Records =
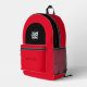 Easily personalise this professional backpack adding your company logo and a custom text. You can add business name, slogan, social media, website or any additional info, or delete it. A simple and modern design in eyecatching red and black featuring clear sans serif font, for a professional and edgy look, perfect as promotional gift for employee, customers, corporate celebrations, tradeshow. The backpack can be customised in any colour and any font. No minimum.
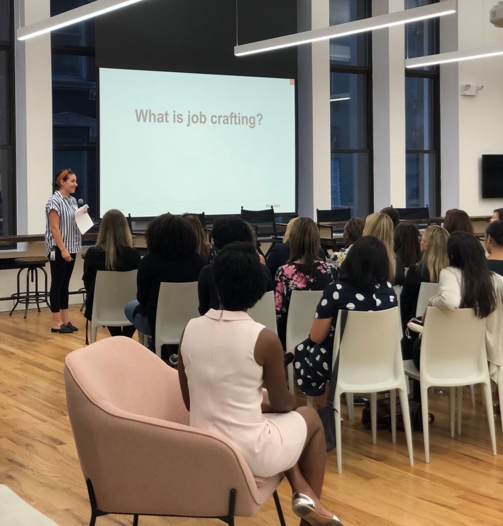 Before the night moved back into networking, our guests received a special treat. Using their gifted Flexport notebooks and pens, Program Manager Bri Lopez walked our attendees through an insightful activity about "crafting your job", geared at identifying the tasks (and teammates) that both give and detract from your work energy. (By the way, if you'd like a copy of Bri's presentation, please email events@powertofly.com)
...
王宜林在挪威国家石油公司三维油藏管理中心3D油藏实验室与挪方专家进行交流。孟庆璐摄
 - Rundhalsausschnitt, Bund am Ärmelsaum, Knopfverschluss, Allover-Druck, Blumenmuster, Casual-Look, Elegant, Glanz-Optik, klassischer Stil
* * *
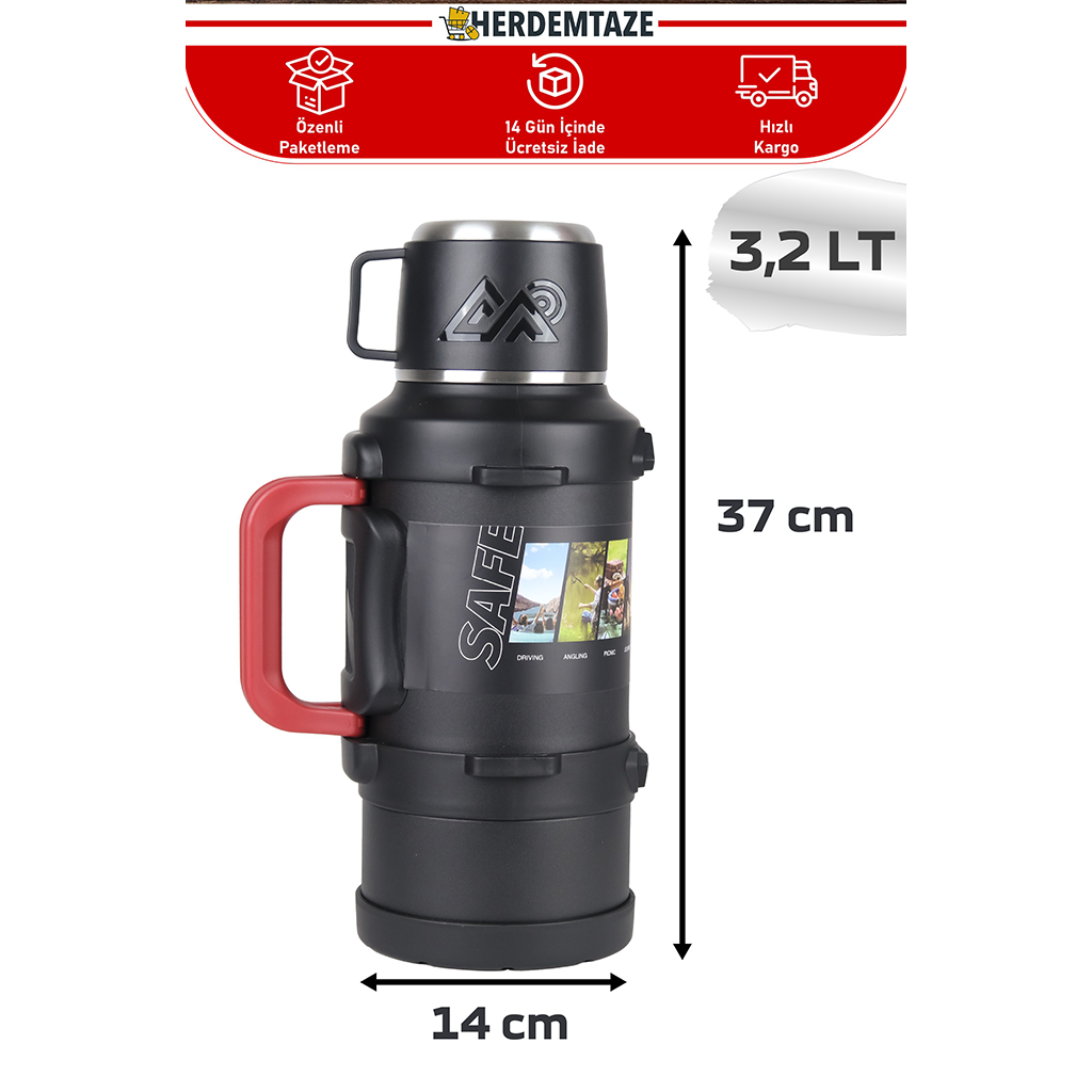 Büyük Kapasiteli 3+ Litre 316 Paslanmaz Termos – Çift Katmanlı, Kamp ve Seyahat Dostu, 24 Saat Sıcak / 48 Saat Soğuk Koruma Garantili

Prompt = Return the stretch of data that begins with the line showing "Easily personalise this" and goes on through the line showing "Before the night", exactly, with pictures removed.

Result of this task =
 Easily personalise this professional backpack adding your company logo and a custom text. You can add business name, slogan, social media, website or any additional info, or delete it. A simple and modern design in eyecatching red and black featuring clear sans serif font, for a professional and edgy look, perfect as promotional gift for employee, customers, corporate celebrations, tradeshow. The backpack can be customised in any colour and any font. No minimum.
 Before the night moved back into networking, our guests received a special treat. Using their gifted Flexport notebooks and pens, Program Manager Bri Lopez walked our attendees through an insightful activity about "crafting your job", geared at identifying the tasks (and teammates) that both give and detract from your work energy. (By the way, if you'd like a copy of Bri's presentation, please email events@powertofly.com)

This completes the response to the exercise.